Activity :: Please set down, unchanged, each line from the one with "Цвета оформления могут" to the final line of the data below, both included. Drop the pictures.

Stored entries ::
····················

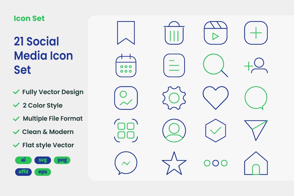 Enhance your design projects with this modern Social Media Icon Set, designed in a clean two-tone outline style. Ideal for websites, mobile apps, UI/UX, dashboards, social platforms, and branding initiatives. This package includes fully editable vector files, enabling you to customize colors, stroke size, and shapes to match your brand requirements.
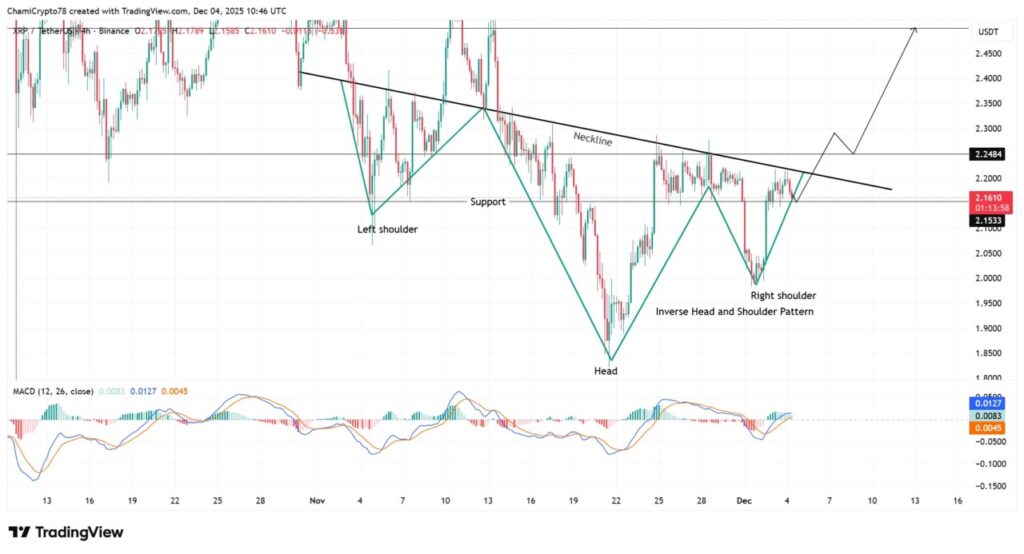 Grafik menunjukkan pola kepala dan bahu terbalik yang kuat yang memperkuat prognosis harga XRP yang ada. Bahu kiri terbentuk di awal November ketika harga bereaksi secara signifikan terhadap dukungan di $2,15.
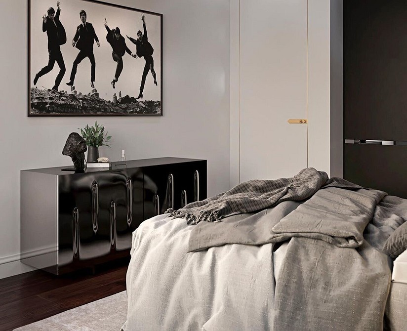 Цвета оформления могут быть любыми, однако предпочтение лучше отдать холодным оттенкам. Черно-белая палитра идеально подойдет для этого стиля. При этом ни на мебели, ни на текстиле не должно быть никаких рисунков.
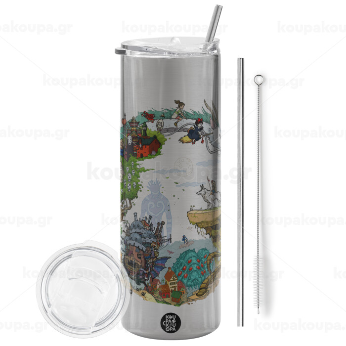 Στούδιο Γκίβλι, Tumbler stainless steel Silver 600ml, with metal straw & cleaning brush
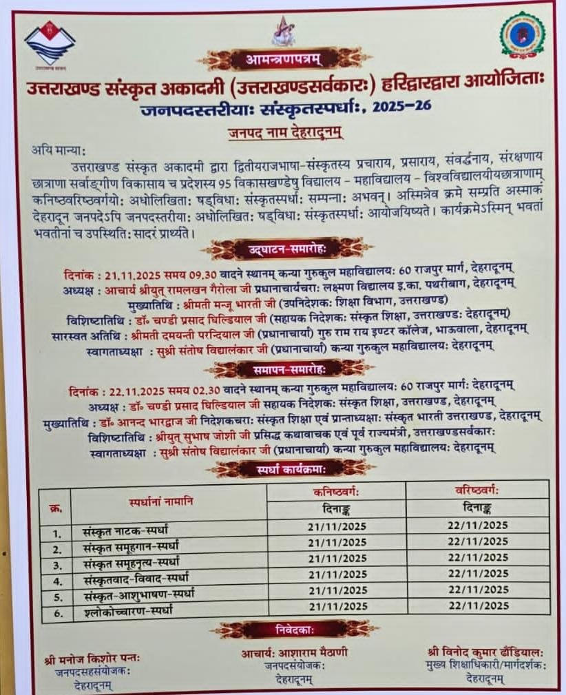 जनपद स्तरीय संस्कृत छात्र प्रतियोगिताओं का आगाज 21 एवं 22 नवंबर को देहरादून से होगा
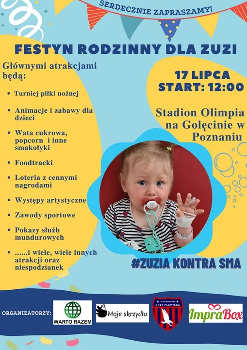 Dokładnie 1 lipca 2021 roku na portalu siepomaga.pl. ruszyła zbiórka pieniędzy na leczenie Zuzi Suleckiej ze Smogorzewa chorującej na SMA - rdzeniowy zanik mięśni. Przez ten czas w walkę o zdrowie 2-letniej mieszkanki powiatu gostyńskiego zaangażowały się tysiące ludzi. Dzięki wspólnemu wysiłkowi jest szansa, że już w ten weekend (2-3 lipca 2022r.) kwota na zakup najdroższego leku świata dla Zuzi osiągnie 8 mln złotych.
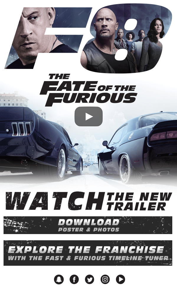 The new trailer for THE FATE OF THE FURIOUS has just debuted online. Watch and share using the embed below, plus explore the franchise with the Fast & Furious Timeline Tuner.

····················

Task response ::
 Цвета оформления могут быть любыми, однако предпочтение лучше отдать холодным оттенкам. Черно-белая палитра идеально подойдет для этого стиля. При этом ни на мебели, ни на текстиле не должно быть никаких рисунков.
 Στούδιο Γκίβλι, Tumbler stainless steel Silver 600ml, with metal straw & cleaning brush
 जनपद स्तरीय संस्कृत छात्र प्रतियोगिताओं का आगाज 21 एवं 22 नवंबर को देहरादून से होगा
 Dokładnie 1 lipca 2021 roku na portalu siepomaga.pl. ruszyła zbiórka pieniędzy na leczenie Zuzi Suleckiej ze Smogorzewa chorującej na SMA - rdzeniowy zanik mięśni. Przez ten czas w walkę o zdrowie 2-letniej mieszkanki powiatu gostyńskiego zaangażowały się tysiące ludzi. Dzięki wspólnemu wysiłkowi jest szansa, że już w ten weekend (2-3 lipca 2022r.) kwota na zakup najdroższego leku świata dla Zuzi osiągnie 8 mln złotych.
 The new trailer for THE FATE OF THE FURIOUS has just debuted online. Watch and share using the embed below, plus explore the franchise with the Fast & Furious Timeline Tuner.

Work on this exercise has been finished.